Transsphenoidal resection of the pituitary adenoma is the initial treatment of choice in patients with acromegaly. It is also the only treatment that is potentially curative. Because this patient's tumor is invading the left cavernous sinus and compressing the optic chiasm, complete resection will likely not be possible; however, surgery can effectively debulk the tumor and preserve vision in addition to significantly decreasing growth hormone (GH) secretion as measured by insulin-like growth factor 1 (IGF-1) levels. In patients in whom complete resection is not possible, such as this patient, additional therapy may be required such as stereotactic radiation therapy or medical therapy to inhibit GH secretion or block its effect on the tissues. However, surgical resection remains an essential first step in the treatment of acromegaly.

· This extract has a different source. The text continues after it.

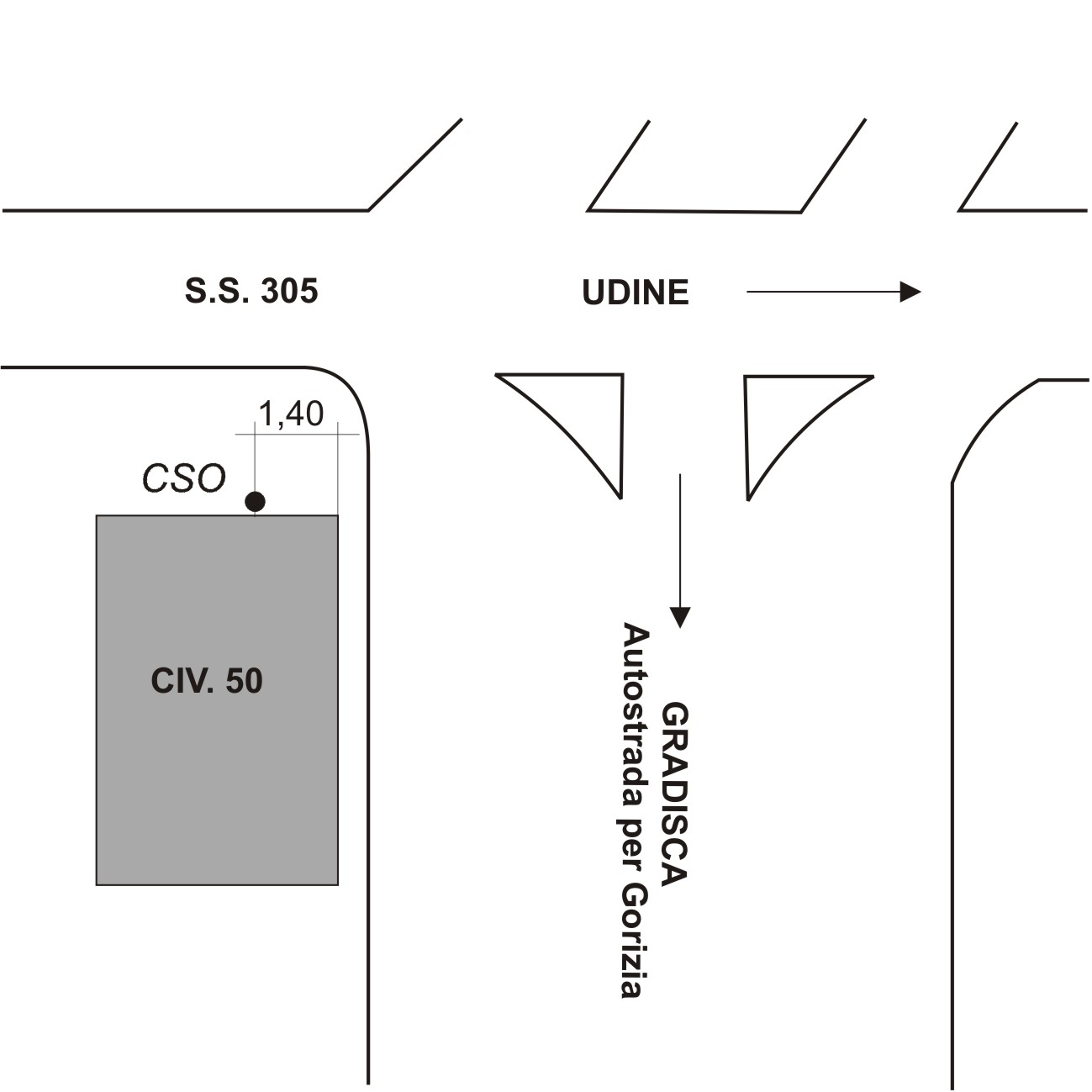 (CSO) - Alla base della facciata verso la S.S. 305 , a mt. 1,40 dallo spigolo di sinistra .

A small number of GH-secreting pituitary adenomas co-secrete prolactin. Although dopamine agonist therapy with agents such as bromocriptine would treat the associated prolactin elevation, it is minimally effective in acromegaly and would not adequately treat GH secretion or address the mass effect of a GH-secreting adenoma.

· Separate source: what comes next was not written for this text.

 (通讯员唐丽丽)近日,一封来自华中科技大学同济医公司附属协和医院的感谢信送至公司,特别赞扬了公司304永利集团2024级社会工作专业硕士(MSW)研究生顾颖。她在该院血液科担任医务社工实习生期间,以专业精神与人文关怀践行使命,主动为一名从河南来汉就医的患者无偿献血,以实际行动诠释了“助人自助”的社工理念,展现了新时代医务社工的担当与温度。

A GH receptor blocker, pegvisomant, is available. Pegvisomant works in the peripheral tissues as an antagonist to GH but does not decrease its production by the tumor. This patient needs intervention to treat mass effect at this time because the tumor is damaging the optic chiasm and the patient's vision, and this treatment would not be expected to decrease the tumor size.

Somatostatin analogues, such as octreotide and lanreotide, inhibit GH secretion and are helpful in treating some patients with acromegaly. They are used primarily in patients with unresectable tumors without significant mass effect or those with a contraindication to surgery. They may also be used in patients with continued GH secretion following incomplete transsphenoidal resection. However, they would not be an appropriate treatment in this patient with a large, invasive, vision-threatening pituitary tumor.

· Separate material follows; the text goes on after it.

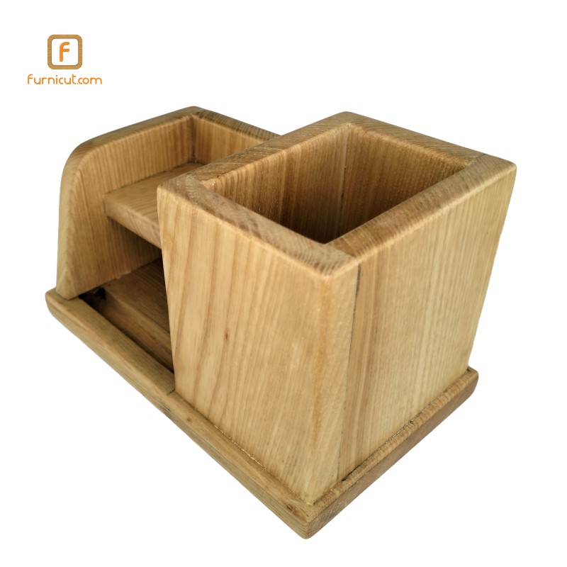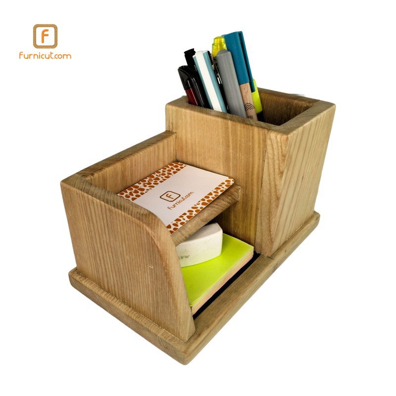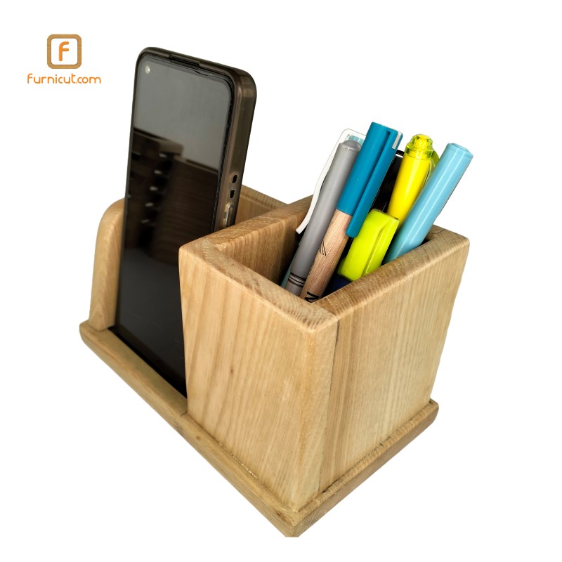 Presenting the Wooden Card and Penholder – where organization meets elegance in four functional compartments. With a designated space for pens, pencils, markers, and similar tools, alongside sections for storing cards, mobile phones, and sticky notes, this holder epitomizes efficiency and style.As Leonardo da Vinci famously said, "Simplicity is the ultimate sophistication." Streamline your workspace with this versatile accessory, ensuring every essential item has its place.Perfect for professionals and creatives seeking to enhance productivity and declutter their desks, the Wooden Card and Penholder offers a seamless solution for a tidy and stylish workspace.

Radiation therapy may be added to surgical or medical therapy to help increase the chance for remission or cure. Radiation to the pituitary carries a high risk of causing pituitary insufficiency and damage to surrounding tissues (particularly the optic nerves); therefore, it is not usually an initial treatment for acromegaly in most patients. In those in whom it is used, stereotactic surgery (gamma knife) is the preferred approach to minimize potential complications.